As we recently discussed at the 23rd International Conference on Information Visualisation, one challenge with visualizing unstructured sources like news and social media is getting the right data. Tags and classifications for streaming text data from these sources may be prone to low-quality false positives. For example, tags intended to highlight content about “oil” may correctly identify stories about crude oil while also capturing unrelated stories about soybean oil, motor oil and the NHL’s Edmonton Oilers and missing ones about West Texas Intermediate, a common grade of crude oil.
So what happens if you don’t have much high-quality tagged data? And you can’t get generalists to add tags because the documents contain proprietary data or extensive domain-specific language? And what few (expensive) domain experts that could tag a large amount of data don’t have the time to do so? To remedy these problems, we created a subsystem to help domain experts who lack data science knowledge so they can easily build better classifiers once and only occasionally maintain them.
As outlined below, our approach uses machine learning and analytics make the process for domain experts as simple as possible.
The analyst starts by entering the search term “crude”. The system looks for common spelling variants and applies Word2Vec to identify semantically similar words. The analyst then adds or dismisses the expanded terms (e.g. “oil”, “barrel”, “soybean” and “motor”) as needed.
Under each search term, the analyst reviews representative articles. Some may be relevant, some not. For example, an article on “crude” could be about oil or about a celebrity’s unseemly behavior. Toggles allow the analyst to easily apply their expert judgment by accepting or rejecting articles according to relevance to the search term.
Similar documents can be shown (e.g. based on Doc2Vec) to further accept or reject borderline documents.
Based on the high-quality positive articles accepted by the analyst, the system builds a semi-supervised classifier.
The classifier tags and visualizes a number of stories. The analyst inspects the preview visualization and flags any stories that are not relevant to the domain.
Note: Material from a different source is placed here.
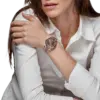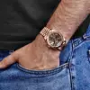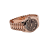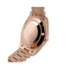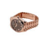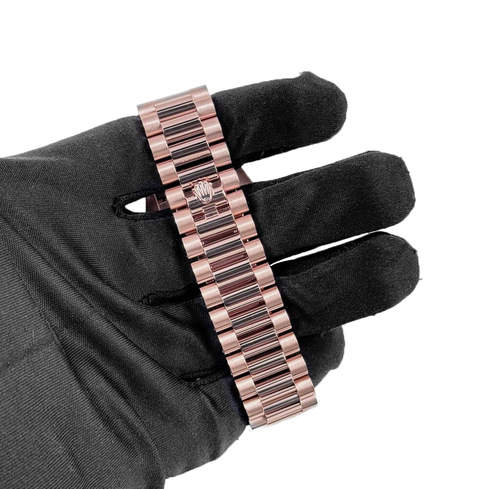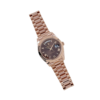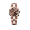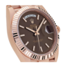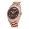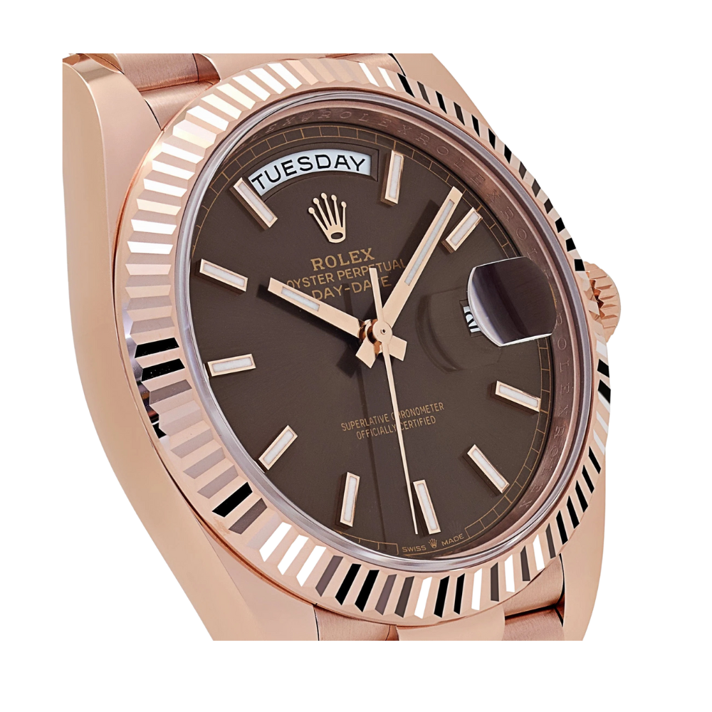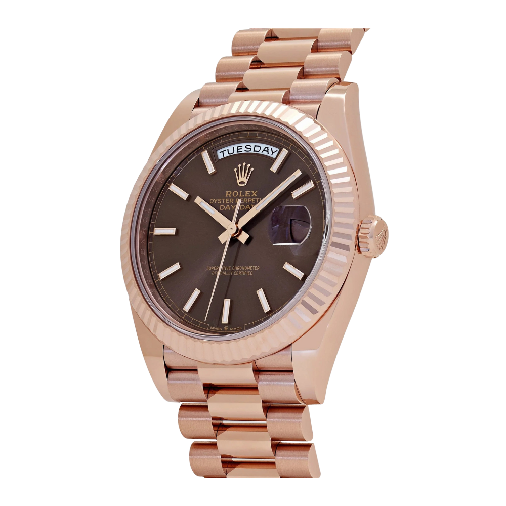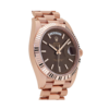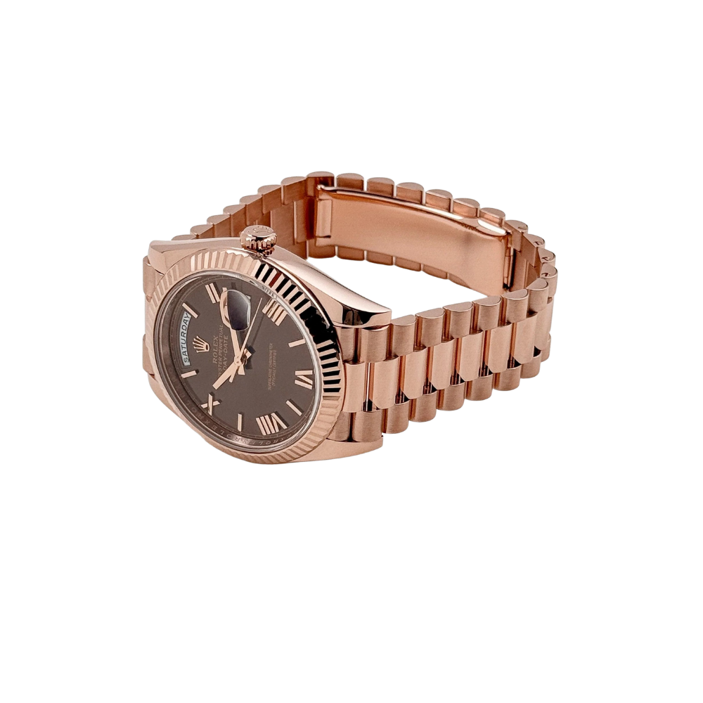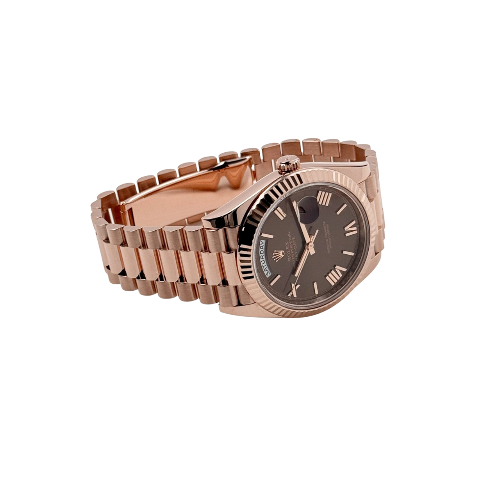 The Rolex Day-Date 228235 is a timeless masterpiece, crafted in 18k rose gold for a warm and sophisticated presence. Its 40mm case is complemented by a signature fluted bezel, adding a classic touch to the design. The rich chocolate brown dial serves as the focal point, featuring bold Roman numeral hour markers in matching rose gold, offering an elegant contrast and refined aesthetic.

This feedback informs and validates the classifier, which is then rebuilt to incorporate the new domain expertise.
The data and visualization from the refinement step can then be deployed in the target application.
We tested our approach using a number of standard benchmarks and found good performance compared to other semi-supervised classification techniques. The general approach is effective for classifying unstructured data for specific application needs, such as expert users in specialized domains. There are many possible enhancements, such as improving the models for feature selection and tag recommendation or extending the functionality to modeling of relevance, tone, and interestingness.